- [WHAT TO DO]:
All of the lines below are to be transcribed faithfully, with pictures excluded from the copy.

- [GIVEN INFORMATION]:
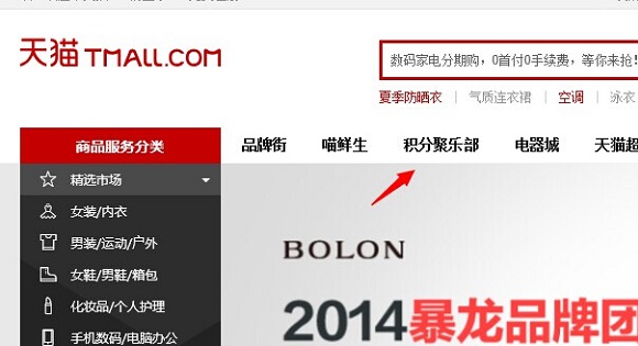 1、首先进入天猫商城,并登陆自己的账号,然后进入“积分”,如下图所示:
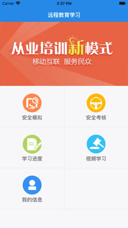 远程教育学习app主要为了解决福建省道路运输企业从业人员继续学习的平台,学员通过平台报名后,用身份证号和初始密码进行app登陆学习,内容包括我的信息、模拟练习、安全考核、学习进度、视频学习。
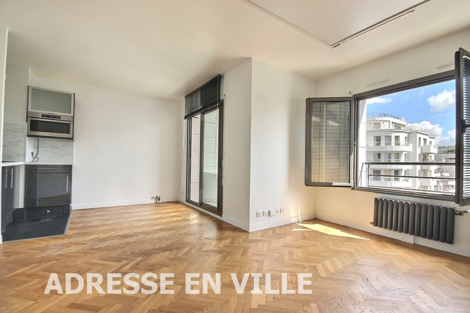 PROMESSE DE VENTE EN COURS. En étage élevé, ouvert sur un balcon profond sans vis-à-vis, ce superbe studio de 27m2 aux grandes baies vitrées offre un bel espace de vie avec un coin nuit équipé d'un lit "Espace loggia". Il est composé d'une entrée de 2,40m2, d'un séjour de 21,40m2 comprenant une kitchenette équipée et d'une salle de bains avec WC. de 3,26m2. Vous apprécierez son état impeccable et la copropriété de de haut standing avec son jardin intérieur, très bien située à 6 minutes du métro. Cave en sous-sol. Gardien. Chauffage et eau chaude collectifs avec compteurs individuels. Quartier résidentiel et commerçant. (3.39 % honoraires TTC à la charge de l'acquéreur.) Copropriété de 115 lots - dont 36 lots habitation. (Pas de procédure en cours). Charges annuelles : 1885 euros.
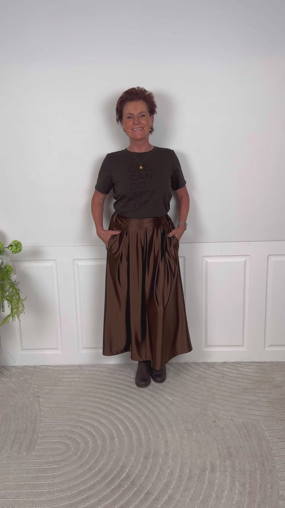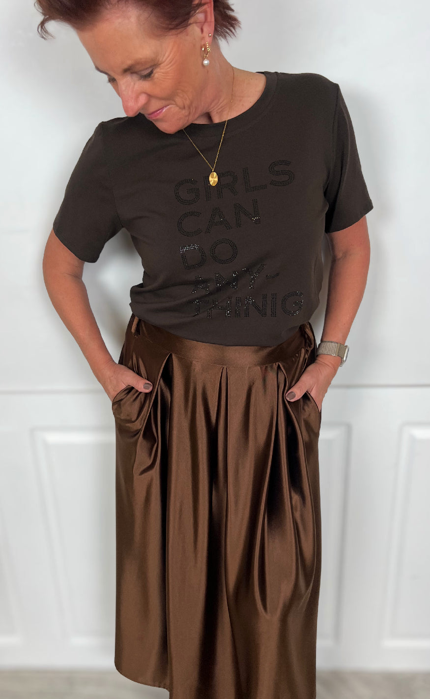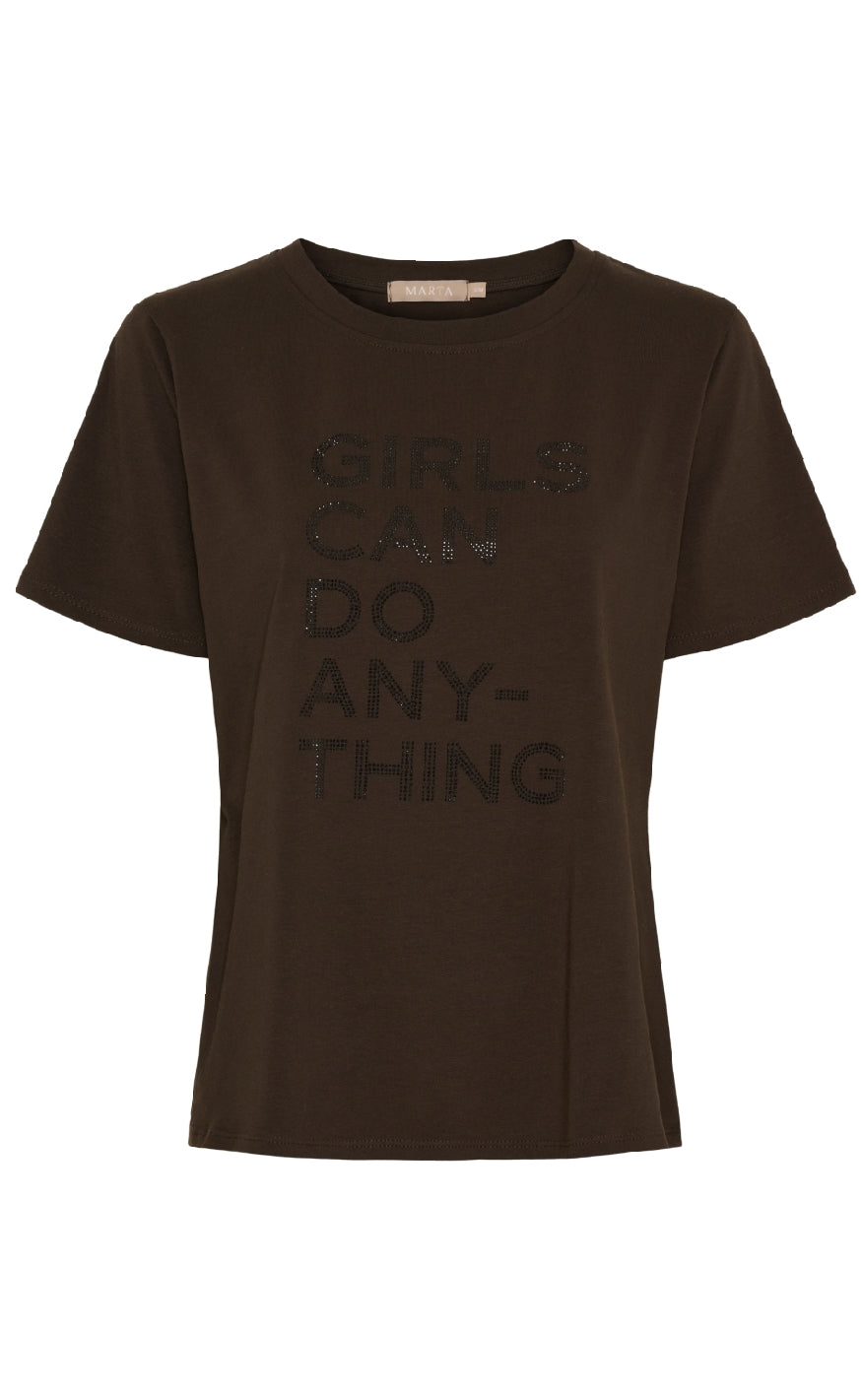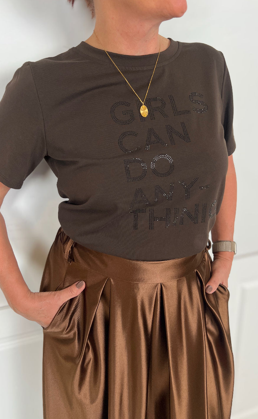 T-shirten har et cool statementprint på fronten med teksten “Girls Can Do Anything” i små sten, som giver et feminint og edgy udtryk. Perfekt til at style med jeans eller under en blazer for et casual look med attitude.
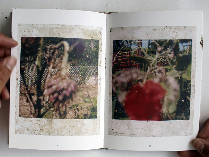 “The photographs in this book were taken in Hackney Wick and later buried there. The amount of time the images were left underground varied depending on the amount of rainfall. The depths that the pictures were buried at also varied, as did their positioning. Sometimes they were facing each other, sometimes back to back or sometimes buried singly. When burying my first batch of photographs, a passing man spotted me and asked what I was doing. Not only did I not want to give the location away of some of my buried pictures, but It just sounded a bit weird to say that I was burying photographs so replied that I was looking for newts. As soon as Id said that I looked down and saw a newt at my feet. Not knowing what an image would look like once it was dug up introduced an element of chance and surprise which I found appealing. This feeling of letting go and in a way collaborating with place allowing it also to work on putting the finishing touches to a picture felt fair. Maybe the spirit of the place can also make its mark.”
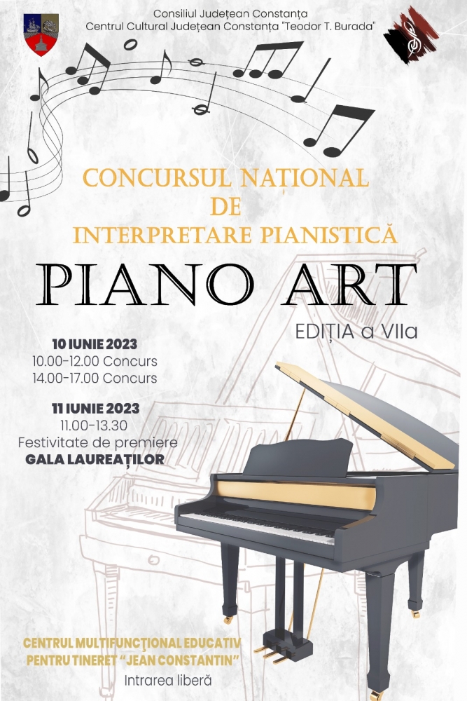 Cea de-a VII-a ediție a Concursului Național de Interpretare Pianistică „Piano Art” se apropie cu pași repezi. Evenimentul este organizat de Consiliul Județean Constanța, prin Centrul Cultural Județean Constanța „Teodor T. Burada” și se va desfășura în intervalul 10-11 iunie 2023, în Sala de Concert a Centrului Multifuncțional Educativ pentru Tineret ,,Jean Constantin”. Intrarea publicului în cele două zile de concurs este liberă.

- [EXERCISE OUTPUT]:
 1、首先进入天猫商城,并登陆自己的账号,然后进入“积分”,如下图所示:
 远程教育学习app主要为了解决福建省道路运输企业从业人员继续学习的平台,学员通过平台报名后,用身份证号和初始密码进行app登陆学习,内容包括我的信息、模拟练习、安全考核、学习进度、视频学习。
 PROMESSE DE VENTE EN COURS. En étage élevé, ouvert sur un balcon profond sans vis-à-vis, ce superbe studio de 27m2 aux grandes baies vitrées offre un bel espace de vie avec un coin nuit équipé d'un lit "Espace loggia". Il est composé d'une entrée de 2,40m2, d'un séjour de 21,40m2 comprenant une kitchenette équipée et d'une salle de bains avec WC. de 3,26m2. Vous apprécierez son état impeccable et la copropriété de de haut standing avec son jardin intérieur, très bien située à 6 minutes du métro. Cave en sous-sol. Gardien. Chauffage et eau chaude collectifs avec compteurs individuels. Quartier résidentiel et commerçant. (3.39 % honoraires TTC à la charge de l'acquéreur.) Copropriété de 115 lots - dont 36 lots habitation. (Pas de procédure en cours). Charges annuelles : 1885 euros.
 T-shirten har et cool statementprint på fronten med teksten “Girls Can Do Anything” i små sten, som giver et feminint og edgy udtryk. Perfekt til at style med jeans eller under en blazer for et casual look med attitude.
 “The photographs in this book were taken in Hackney Wick and later buried there. The amount of time the images were left underground varied depending on the amount of rainfall. The depths that the pictures were buried at also varied, as did their positioning. Sometimes they were facing each other, sometimes back to back or sometimes buried singly. When burying my first batch of photographs, a passing man spotted me and asked what I was doing. Not only did I not want to give the location away of some of my buried pictures, but It just sounded a bit weird to say that I was burying photographs so replied that I was looking for newts. As soon as Id said that I looked down and saw a newt at my feet. Not knowing what an image would look like once it was dug up introduced an element of chance and surprise which I found appealing. This feeling of letting go and in a way collaborating with place allowing it also to work on putting the finishing touches to a picture felt fair. Maybe the spirit of the place can also make its mark.”
 Cea de-a VII-a ediție a Concursului Național de Interpretare Pianistică „Piano Art” se apropie cu pași repezi. Evenimentul este organizat de Consiliul Județean Constanța, prin Centrul Cultural Județean Constanța „Teodor T. Burada” și se va desfășura în intervalul 10-11 iunie 2023, în Sala de Concert a Centrului Multifuncțional Educativ pentru Tineret ,,Jean Constantin”. Intrarea publicului în cele două zile de concurs este liberă.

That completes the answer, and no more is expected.